- Collected data -
_ _ _ _ _ _ _

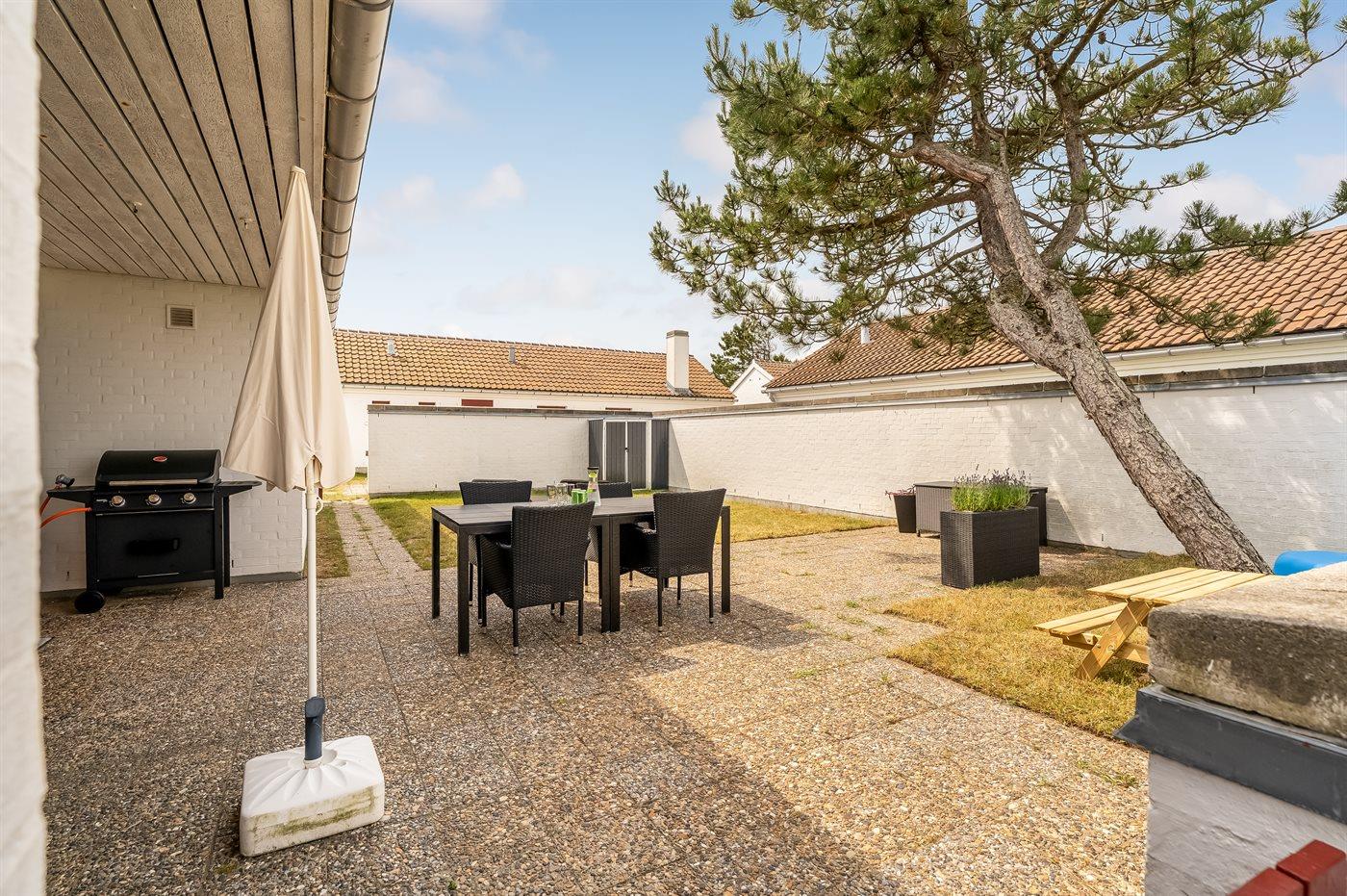 Husets hyggelige og lukkede gårdterrasse inviterer til afslappende stunder i læ for vinden, hvor du kan nyde solen, en god bog eller et måltid under åben himmel.
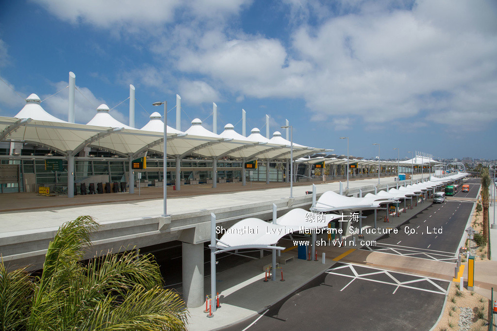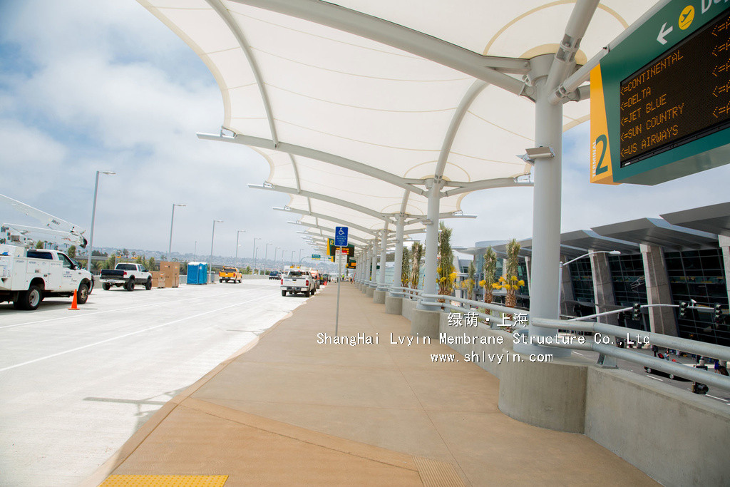 3. 永久性性膜材,使用年限30年以上。對太陽能的反射率高,所以熱吸收量很少。即使在夏季炎熱的日光的照射下室內(nèi)也不會受太大影響。正是因為這種劃時代性的膜材料的發(fā)明,才使膜結(jié)構(gòu)建筑從人們想象中的帳篷或臨時性建筑發(fā)展成現(xiàn)代化的永久性建筑。
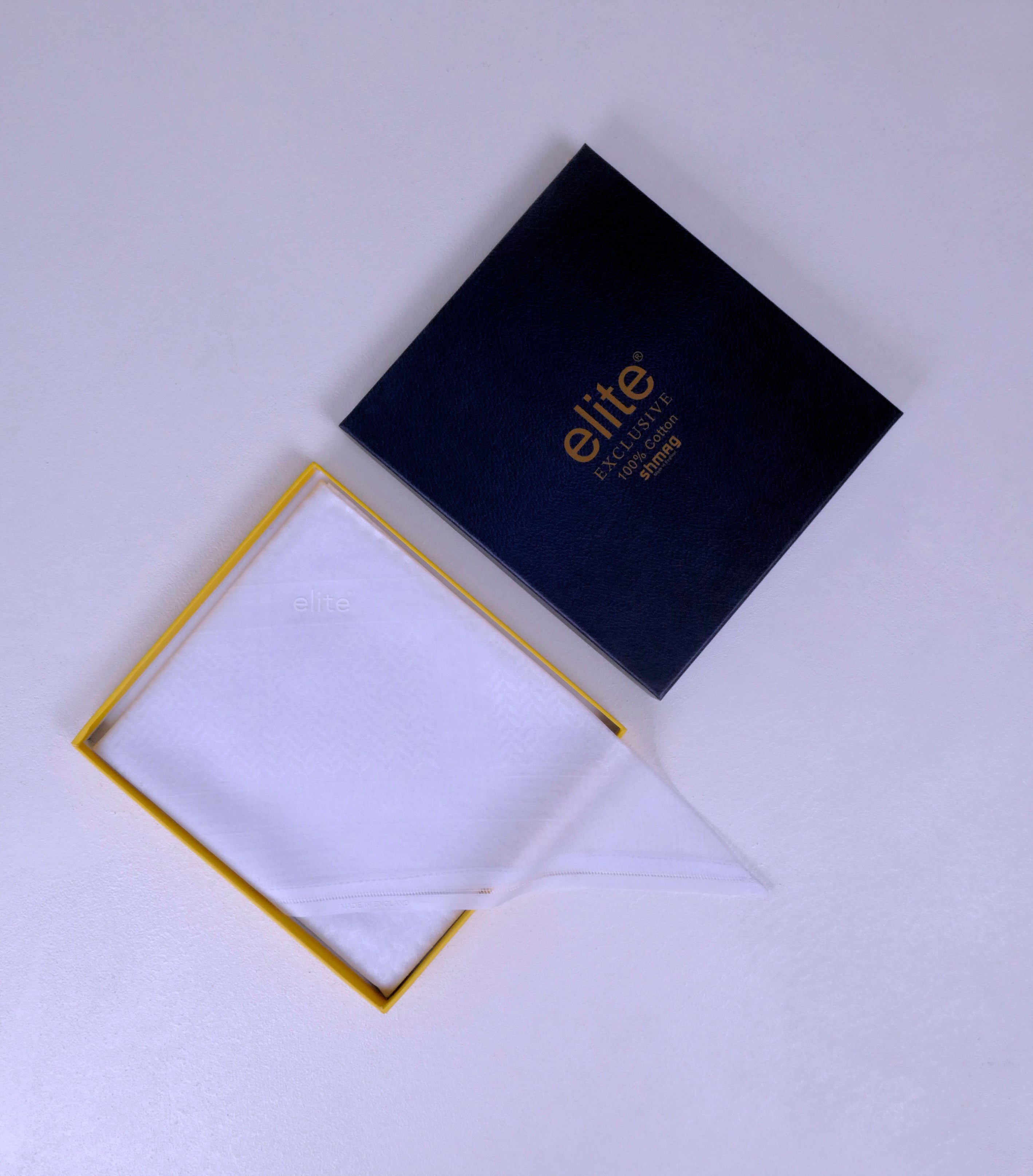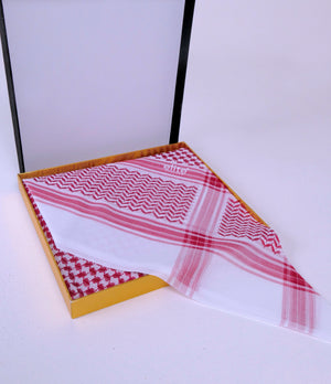 غطاء رأس منقوش، عادةً ما يكون باللونين الأحمر والأبيض أو الأسود والأبيض، يعكس ثقافة المنطقة العربية، ويختلف ارتداؤه باختلاف المناطق، ليمنحها أقصى درجات الراحة في الطقس الحار. تصميمه الأنيق والراقي يمنحها مظهرًا أنيقًا وعصريًا للارتداء اليومي.

_ _ _ _ _ _ _

Reproduce the material exactly. Pictures stay out.

- Solution to this task -
 Husets hyggelige og lukkede gårdterrasse inviterer til afslappende stunder i læ for vinden, hvor du kan nyde solen, en god bog eller et måltid under åben himmel.
 3. 永久性性膜材,使用年限30年以上。對太陽能的反射率高,所以熱吸收量很少。即使在夏季炎熱的日光的照射下室內(nèi)也不會受太大影響。正是因為這種劃時代性的膜材料的發(fā)明,才使膜結(jié)構(gòu)建筑從人們想象中的帳篷或臨時性建筑發(fā)展成現(xiàn)代化的永久性建筑。
 غطاء رأس منقوش، عادةً ما يكون باللونين الأحمر والأبيض أو الأسود والأبيض، يعكس ثقافة المنطقة العربية، ويختلف ارتداؤه باختلاف المناطق، ليمنحها أقصى درجات الراحة في الطقس الحار. تصميمه الأنيق والراقي يمنحها مظهرًا أنيقًا وعصريًا للارتداء اليومي.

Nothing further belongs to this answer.